Task details :: Check each line of the data, and copy those where "колец" appears.

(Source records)
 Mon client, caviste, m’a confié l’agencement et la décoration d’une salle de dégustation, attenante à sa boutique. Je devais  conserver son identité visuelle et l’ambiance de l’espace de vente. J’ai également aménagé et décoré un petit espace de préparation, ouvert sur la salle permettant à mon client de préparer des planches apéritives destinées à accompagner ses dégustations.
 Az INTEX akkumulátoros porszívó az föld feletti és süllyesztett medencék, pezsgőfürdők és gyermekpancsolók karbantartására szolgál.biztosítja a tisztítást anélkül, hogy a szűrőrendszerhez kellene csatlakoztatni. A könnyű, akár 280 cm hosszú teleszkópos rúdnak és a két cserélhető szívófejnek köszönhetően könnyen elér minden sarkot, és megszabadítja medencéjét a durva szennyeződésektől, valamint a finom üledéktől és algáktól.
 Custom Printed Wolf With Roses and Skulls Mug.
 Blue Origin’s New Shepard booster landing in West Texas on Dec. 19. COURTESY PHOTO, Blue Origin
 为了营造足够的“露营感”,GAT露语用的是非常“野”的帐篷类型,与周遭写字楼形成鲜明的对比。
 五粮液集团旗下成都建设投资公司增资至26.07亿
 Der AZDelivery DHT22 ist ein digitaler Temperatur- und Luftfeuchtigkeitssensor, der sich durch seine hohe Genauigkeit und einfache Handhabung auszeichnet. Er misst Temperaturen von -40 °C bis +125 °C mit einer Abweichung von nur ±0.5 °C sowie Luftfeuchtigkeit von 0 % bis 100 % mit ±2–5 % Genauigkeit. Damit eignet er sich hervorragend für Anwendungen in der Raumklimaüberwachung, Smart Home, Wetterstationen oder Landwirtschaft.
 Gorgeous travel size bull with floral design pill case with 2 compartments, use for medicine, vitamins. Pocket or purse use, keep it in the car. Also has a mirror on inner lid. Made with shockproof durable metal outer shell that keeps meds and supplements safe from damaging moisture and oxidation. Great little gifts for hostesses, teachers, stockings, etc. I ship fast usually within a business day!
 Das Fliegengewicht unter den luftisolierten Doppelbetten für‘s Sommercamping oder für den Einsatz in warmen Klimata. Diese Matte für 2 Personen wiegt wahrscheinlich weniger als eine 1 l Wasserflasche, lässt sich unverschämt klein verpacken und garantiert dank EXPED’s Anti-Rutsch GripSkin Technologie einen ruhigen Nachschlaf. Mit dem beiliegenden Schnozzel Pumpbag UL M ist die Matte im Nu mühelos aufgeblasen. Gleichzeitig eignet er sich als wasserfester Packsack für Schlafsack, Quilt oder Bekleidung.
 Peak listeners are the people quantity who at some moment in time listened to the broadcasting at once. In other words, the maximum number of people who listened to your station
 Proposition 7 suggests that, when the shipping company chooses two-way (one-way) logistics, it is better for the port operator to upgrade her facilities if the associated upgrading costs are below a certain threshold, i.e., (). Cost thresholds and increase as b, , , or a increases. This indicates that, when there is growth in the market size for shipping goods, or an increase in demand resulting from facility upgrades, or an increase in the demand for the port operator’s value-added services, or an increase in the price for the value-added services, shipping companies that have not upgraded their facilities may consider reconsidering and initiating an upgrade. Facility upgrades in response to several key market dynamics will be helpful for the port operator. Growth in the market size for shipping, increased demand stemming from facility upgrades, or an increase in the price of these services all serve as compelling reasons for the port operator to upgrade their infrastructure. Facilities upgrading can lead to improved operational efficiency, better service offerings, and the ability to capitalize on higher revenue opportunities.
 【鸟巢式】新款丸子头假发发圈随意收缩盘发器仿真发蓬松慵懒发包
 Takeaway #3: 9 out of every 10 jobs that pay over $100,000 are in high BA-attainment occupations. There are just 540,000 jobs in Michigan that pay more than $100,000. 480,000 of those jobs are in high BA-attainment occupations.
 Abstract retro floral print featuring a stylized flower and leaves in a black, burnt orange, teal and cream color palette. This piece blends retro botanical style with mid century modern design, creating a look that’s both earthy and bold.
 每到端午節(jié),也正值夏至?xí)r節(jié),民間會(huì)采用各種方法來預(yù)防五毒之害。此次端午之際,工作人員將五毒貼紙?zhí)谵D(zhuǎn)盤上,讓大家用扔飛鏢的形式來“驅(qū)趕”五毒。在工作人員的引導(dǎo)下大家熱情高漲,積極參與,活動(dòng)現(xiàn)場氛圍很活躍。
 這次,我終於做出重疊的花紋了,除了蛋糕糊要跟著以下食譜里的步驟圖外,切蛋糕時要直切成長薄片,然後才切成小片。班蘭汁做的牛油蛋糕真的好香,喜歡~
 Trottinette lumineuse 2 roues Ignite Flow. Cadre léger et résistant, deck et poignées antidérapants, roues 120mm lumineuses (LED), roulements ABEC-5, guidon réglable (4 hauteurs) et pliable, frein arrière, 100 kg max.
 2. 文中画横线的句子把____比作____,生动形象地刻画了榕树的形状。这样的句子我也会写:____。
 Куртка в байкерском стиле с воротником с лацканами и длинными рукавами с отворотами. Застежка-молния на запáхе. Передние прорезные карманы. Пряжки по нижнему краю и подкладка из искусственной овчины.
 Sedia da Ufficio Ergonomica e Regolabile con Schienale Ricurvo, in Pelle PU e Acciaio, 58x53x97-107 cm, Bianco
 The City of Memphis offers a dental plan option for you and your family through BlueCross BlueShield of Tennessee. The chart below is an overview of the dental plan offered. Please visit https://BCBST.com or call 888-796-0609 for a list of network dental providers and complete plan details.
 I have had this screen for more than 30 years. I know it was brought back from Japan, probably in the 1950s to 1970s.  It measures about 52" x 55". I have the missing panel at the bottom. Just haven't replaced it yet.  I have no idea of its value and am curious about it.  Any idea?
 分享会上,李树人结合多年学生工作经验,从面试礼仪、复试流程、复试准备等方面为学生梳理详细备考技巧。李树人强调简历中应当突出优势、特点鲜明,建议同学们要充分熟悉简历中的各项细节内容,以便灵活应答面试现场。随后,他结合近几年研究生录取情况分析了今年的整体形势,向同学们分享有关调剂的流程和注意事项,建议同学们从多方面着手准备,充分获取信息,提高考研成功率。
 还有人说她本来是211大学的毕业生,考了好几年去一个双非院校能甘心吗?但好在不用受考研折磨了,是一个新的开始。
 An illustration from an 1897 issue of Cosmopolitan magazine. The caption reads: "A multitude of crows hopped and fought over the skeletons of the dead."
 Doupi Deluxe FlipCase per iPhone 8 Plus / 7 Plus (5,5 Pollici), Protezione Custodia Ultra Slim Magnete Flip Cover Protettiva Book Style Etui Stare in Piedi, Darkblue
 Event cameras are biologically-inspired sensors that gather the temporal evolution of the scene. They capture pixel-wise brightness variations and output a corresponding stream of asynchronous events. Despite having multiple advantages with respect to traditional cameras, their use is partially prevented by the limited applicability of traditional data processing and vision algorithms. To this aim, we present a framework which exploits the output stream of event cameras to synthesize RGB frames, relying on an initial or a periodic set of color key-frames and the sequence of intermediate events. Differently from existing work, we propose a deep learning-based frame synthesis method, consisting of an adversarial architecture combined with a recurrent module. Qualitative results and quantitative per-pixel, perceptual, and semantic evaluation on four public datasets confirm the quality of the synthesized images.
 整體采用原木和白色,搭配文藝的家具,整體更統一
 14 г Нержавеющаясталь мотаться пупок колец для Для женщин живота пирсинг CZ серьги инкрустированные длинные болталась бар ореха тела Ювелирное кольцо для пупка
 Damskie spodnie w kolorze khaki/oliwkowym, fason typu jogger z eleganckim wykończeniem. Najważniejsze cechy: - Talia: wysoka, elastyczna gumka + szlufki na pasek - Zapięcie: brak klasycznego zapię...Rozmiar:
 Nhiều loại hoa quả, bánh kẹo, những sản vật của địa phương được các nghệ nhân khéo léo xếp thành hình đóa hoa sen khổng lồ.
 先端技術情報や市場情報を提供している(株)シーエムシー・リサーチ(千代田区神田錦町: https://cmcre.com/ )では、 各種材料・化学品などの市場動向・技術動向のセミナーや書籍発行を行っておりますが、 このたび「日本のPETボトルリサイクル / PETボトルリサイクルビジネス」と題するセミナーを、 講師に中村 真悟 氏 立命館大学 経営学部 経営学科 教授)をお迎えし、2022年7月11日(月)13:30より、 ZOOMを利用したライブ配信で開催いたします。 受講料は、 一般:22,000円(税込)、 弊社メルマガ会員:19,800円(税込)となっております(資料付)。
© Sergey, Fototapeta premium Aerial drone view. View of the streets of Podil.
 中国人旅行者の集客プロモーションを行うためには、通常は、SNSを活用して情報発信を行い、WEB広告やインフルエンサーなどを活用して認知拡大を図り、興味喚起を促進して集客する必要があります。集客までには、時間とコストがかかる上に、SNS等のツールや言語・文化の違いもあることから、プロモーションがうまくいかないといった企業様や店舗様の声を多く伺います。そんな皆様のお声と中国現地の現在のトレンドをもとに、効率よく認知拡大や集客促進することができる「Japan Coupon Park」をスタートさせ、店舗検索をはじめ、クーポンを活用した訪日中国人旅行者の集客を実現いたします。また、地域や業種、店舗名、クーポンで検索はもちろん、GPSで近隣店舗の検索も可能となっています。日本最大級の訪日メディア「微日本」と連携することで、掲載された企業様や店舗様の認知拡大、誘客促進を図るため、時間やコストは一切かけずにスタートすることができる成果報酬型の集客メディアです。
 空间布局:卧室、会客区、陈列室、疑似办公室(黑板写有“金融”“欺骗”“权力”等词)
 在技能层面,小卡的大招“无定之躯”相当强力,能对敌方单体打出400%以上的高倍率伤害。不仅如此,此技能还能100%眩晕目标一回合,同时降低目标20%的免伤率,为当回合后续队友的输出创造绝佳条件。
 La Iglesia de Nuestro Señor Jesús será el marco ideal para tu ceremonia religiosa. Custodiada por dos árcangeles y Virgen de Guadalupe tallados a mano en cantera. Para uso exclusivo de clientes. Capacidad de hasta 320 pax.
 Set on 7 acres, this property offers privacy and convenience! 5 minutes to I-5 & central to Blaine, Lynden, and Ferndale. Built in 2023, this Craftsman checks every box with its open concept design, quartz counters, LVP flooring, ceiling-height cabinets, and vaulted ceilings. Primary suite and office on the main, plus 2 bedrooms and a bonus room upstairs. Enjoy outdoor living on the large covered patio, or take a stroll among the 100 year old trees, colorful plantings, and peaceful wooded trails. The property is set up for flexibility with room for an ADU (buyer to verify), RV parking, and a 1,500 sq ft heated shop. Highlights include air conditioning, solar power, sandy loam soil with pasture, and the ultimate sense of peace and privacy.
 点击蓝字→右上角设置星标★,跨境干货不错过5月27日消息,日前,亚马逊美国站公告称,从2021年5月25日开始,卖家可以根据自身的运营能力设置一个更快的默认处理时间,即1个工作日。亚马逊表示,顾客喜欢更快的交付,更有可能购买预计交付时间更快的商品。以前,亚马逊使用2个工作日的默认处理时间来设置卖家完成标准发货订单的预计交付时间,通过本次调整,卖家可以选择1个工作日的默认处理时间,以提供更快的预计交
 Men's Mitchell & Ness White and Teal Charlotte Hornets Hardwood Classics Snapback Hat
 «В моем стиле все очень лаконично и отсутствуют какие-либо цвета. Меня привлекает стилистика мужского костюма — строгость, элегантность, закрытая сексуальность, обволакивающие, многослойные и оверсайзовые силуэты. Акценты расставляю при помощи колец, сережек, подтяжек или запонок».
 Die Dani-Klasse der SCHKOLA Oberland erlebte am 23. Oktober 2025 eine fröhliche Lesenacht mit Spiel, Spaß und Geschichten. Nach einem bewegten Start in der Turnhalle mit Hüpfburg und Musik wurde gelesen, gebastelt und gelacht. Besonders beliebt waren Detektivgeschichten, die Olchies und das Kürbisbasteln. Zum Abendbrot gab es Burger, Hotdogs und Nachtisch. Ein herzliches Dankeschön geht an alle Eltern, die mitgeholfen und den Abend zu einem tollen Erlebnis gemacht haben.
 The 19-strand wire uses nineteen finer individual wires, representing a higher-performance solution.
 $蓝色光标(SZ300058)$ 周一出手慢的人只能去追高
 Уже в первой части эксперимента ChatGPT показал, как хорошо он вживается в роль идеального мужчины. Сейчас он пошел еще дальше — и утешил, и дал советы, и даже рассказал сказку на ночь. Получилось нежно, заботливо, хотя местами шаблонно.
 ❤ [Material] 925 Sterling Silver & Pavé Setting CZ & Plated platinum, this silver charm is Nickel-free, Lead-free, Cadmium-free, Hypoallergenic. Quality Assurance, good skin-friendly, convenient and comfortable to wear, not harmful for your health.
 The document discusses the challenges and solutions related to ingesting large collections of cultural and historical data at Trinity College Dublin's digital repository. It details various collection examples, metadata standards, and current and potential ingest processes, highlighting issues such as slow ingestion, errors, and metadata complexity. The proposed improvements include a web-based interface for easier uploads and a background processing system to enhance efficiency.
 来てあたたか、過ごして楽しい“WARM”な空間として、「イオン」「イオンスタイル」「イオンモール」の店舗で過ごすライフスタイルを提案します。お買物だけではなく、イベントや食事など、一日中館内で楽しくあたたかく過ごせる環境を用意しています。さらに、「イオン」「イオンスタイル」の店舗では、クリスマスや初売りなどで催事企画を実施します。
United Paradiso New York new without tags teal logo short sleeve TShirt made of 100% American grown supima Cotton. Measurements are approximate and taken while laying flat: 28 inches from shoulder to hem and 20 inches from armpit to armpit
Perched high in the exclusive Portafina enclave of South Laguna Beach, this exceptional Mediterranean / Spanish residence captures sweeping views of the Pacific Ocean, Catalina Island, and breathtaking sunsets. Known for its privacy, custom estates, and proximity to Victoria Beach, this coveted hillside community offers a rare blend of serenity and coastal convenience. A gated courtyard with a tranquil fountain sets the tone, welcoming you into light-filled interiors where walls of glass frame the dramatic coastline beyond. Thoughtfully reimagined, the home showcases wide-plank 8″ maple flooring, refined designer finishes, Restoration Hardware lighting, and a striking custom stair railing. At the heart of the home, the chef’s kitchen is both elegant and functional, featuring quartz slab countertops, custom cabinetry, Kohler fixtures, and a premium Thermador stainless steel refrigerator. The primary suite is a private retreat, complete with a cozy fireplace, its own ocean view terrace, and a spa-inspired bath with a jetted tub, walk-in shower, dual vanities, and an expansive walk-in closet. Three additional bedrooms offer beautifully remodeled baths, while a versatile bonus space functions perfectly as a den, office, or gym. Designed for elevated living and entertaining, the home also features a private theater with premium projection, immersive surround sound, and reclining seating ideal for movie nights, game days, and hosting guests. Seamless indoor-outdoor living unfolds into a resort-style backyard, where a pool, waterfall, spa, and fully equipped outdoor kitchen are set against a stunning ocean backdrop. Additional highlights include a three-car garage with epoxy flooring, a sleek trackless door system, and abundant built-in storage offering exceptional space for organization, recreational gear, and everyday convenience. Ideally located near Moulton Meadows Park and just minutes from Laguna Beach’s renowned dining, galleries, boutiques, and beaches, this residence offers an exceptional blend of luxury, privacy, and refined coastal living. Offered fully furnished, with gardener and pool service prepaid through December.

Task result ::
 14 г Нержавеющаясталь мотаться пупок колец для Для женщин живота пирсинг CZ серьги инкрустированные длинные болталась бар ореха тела Ювелирное кольцо для пупка
 «В моем стиле все очень лаконично и отсутствуют какие-либо цвета. Меня привлекает стилистика мужского костюма — строгость, элегантность, закрытая сексуальность, обволакивающие, многослойные и оверсайзовые силуэты. Акценты расставляю при помощи колец, сережек, подтяжек или запонок».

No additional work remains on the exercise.